Bivalent 6-month Study Design and Results; In this randomized, multicenter, Phase III, observer-blind, active-controlled trial in Japan, fully-immunized (3‒5 doses of mRNA vaccine) adults were randomized 1:1 to receive a booster dose of ARCT 2301 or Comirnaty Original/BA.4-5. The primary objective was to demonstrate non-inferiority of the immunogenicity of ARCT-2301 vs. Comirnaty Original/BA.4-5 at Day 29 as neutralizing antibody GMT and seroresponse rates (SRR) against Omicron BA.4-5. Key secondary outcomes included titers of neutralizing antibodies against Wuhan-Hu-1 and Omicron XBB.1.5.

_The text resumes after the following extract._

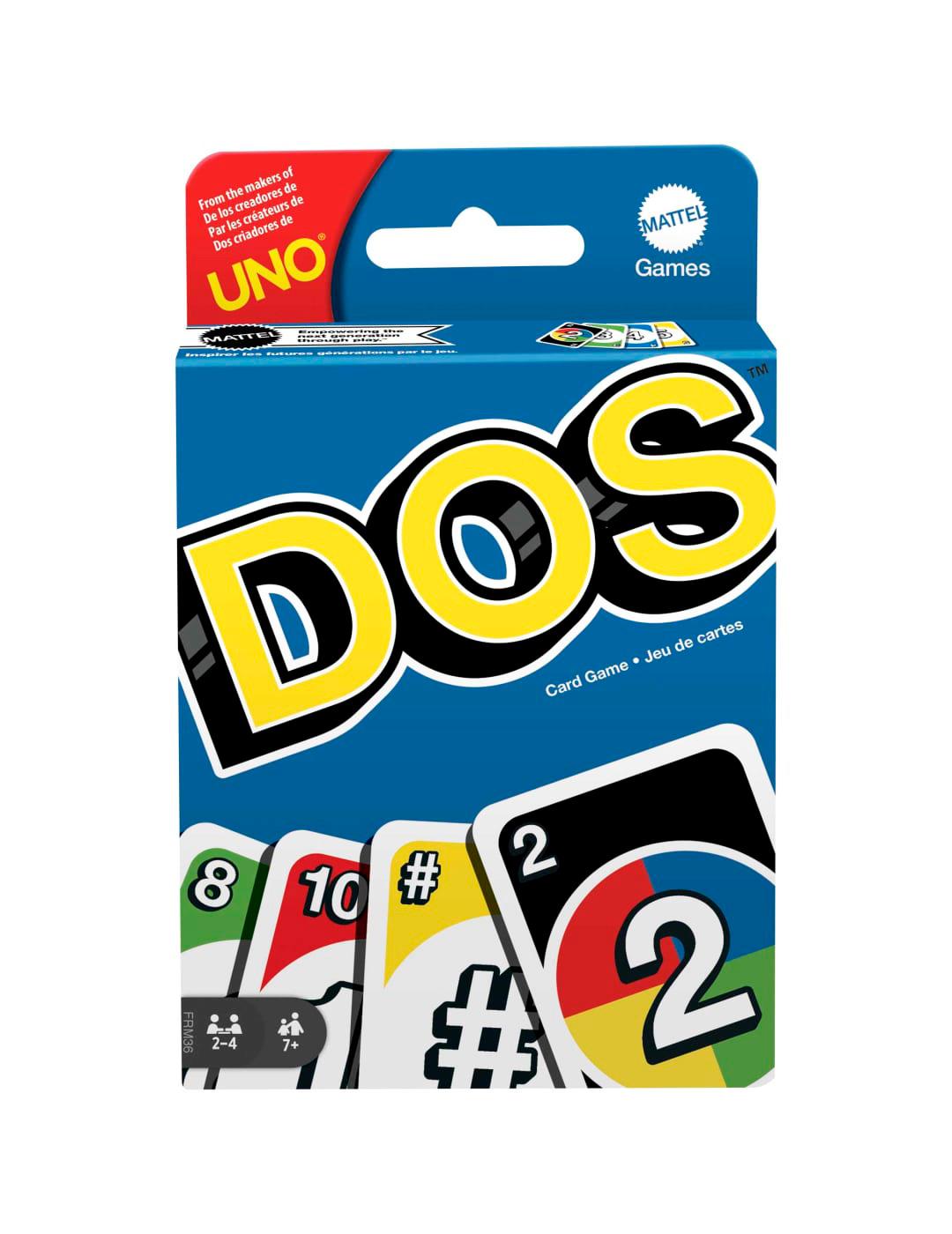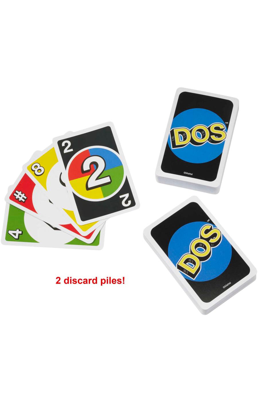UNO™ has a new best friend, DOS™! In this fun card game, two is more important than one, and number matching is king! Just like UNO™, DOS™ involves a race to be the first to get rid of your cards. To start, there are two discard piles between the players. On each player's turn they can discard on either pile with either one or two cards, so if a player has two cards that add up to the number of a card in the center pile, they are able to put down BOTH cards. When you're down to two cards, don't forget to yell 'DOS!' The first person to 200 points is the winner!

Between September and November 2023, 930 men and women (19‒80 years) with at least three prior mRNA COVID-19 vaccinations were enrolled at nine medical centers in Japan and administered ARCT 2301 (n = 465) or Comirnaty Original/BA.4-5 (n = 465) boosters. At Day 29 ARCT 2301 (n = 398) induced superior neutralizing antibody responses vs. Comirnaty (n = 405) against Omicron BA.4-5 (GMT ratio 1•49 [95% CI: 1.26–1.76], SRR difference 7.2% [95% CI: 0.6–13.7]), and against Wuhan-Hu-1 (GMT ratio 1.45 [1.28–1.63], SRR difference 12.5% [5.9–19.0]). The difference persisted through six months with GMT ratios of 2.17 (95% CI: 1.75-2.69) and 1.98 (95% CI: 1.69-2.31), respectively. Antibody responses against Omicron XBB.1.5 were also higher after ARCT 2301 vs. Comirnaty (GMT ratio 1.63 [1.36–1.94], SRR difference 16.7% [10.1–23.2]).

About sa-mRNA
mRNA vaccines help protect against infectious diseases by providing a blueprint for cells in the body to make a protein to help our immune systems recognize and fight the disease. Unlike standard mRNA vaccines, self-amplifying mRNA vaccines instruct the body to make more mRNA and protein to boost the immune response.